*** MATERIAL FOR THE TASK ***

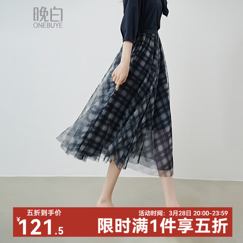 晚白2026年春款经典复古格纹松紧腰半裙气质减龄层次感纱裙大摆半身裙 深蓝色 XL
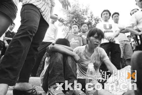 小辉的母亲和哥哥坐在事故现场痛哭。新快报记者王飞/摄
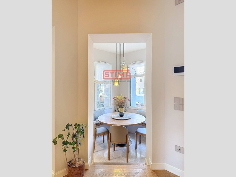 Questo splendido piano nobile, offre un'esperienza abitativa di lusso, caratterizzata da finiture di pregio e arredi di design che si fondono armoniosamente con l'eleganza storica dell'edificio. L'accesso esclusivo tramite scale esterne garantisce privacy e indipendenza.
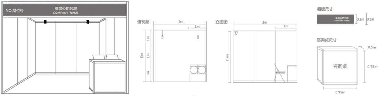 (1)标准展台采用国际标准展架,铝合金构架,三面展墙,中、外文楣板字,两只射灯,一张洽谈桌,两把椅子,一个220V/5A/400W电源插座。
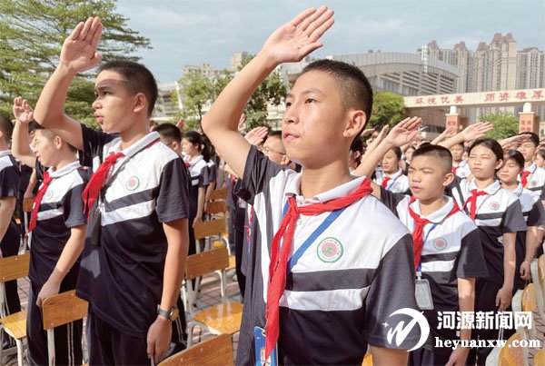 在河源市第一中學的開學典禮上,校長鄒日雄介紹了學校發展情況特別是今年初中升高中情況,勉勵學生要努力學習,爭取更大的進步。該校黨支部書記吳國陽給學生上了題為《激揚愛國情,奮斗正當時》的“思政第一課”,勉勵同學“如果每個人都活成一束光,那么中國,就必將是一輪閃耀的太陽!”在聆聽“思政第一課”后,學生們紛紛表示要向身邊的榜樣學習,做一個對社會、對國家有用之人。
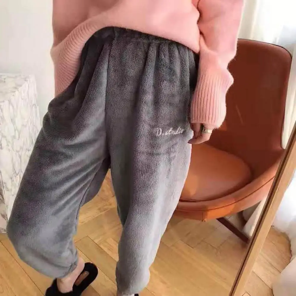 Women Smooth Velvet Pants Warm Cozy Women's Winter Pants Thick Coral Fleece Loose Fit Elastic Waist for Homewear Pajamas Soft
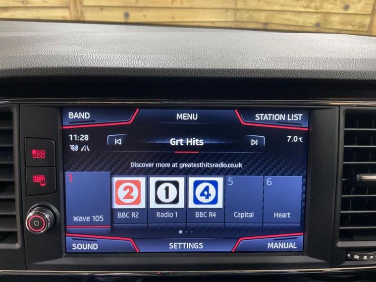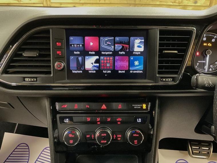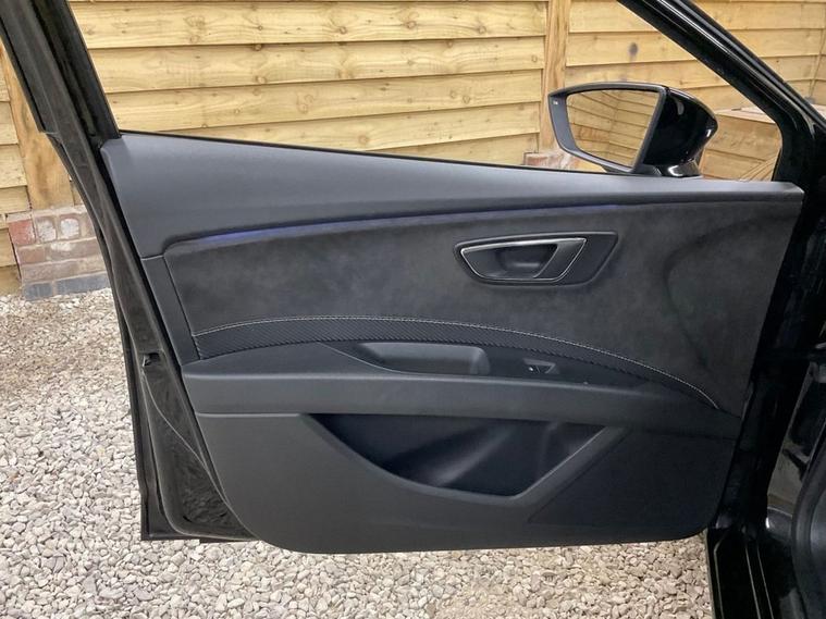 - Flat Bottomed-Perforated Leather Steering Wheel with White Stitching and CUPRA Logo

*** End of MATERIAL FOR THE TASK ***

**WHAT THIS TASK INVOLVES:** Reproduce precisely the lines of the entries above, from the one containing "Questo splendido piano" through the final one, both ends included, and omit the pictures.

**FINAL ANSWER:**
 Questo splendido piano nobile, offre un'esperienza abitativa di lusso, caratterizzata da finiture di pregio e arredi di design che si fondono armoniosamente con l'eleganza storica dell'edificio. L'accesso esclusivo tramite scale esterne garantisce privacy e indipendenza.
 (1)标准展台采用国际标准展架,铝合金构架,三面展墙,中、外文楣板字,两只射灯,一张洽谈桌,两把椅子,一个220V/5A/400W电源插座。
 在河源市第一中學的開學典禮上,校長鄒日雄介紹了學校發展情況特別是今年初中升高中情況,勉勵學生要努力學習,爭取更大的進步。該校黨支部書記吳國陽給學生上了題為《激揚愛國情,奮斗正當時》的“思政第一課”,勉勵同學“如果每個人都活成一束光,那么中國,就必將是一輪閃耀的太陽!”在聆聽“思政第一課”后,學生們紛紛表示要向身邊的榜樣學習,做一個對社會、對國家有用之人。
 Women Smooth Velvet Pants Warm Cozy Women's Winter Pants Thick Coral Fleece Loose Fit Elastic Waist for Homewear Pajamas Soft
 - Flat Bottomed-Perforated Leather Steering Wheel with White Stitching and CUPRA Logo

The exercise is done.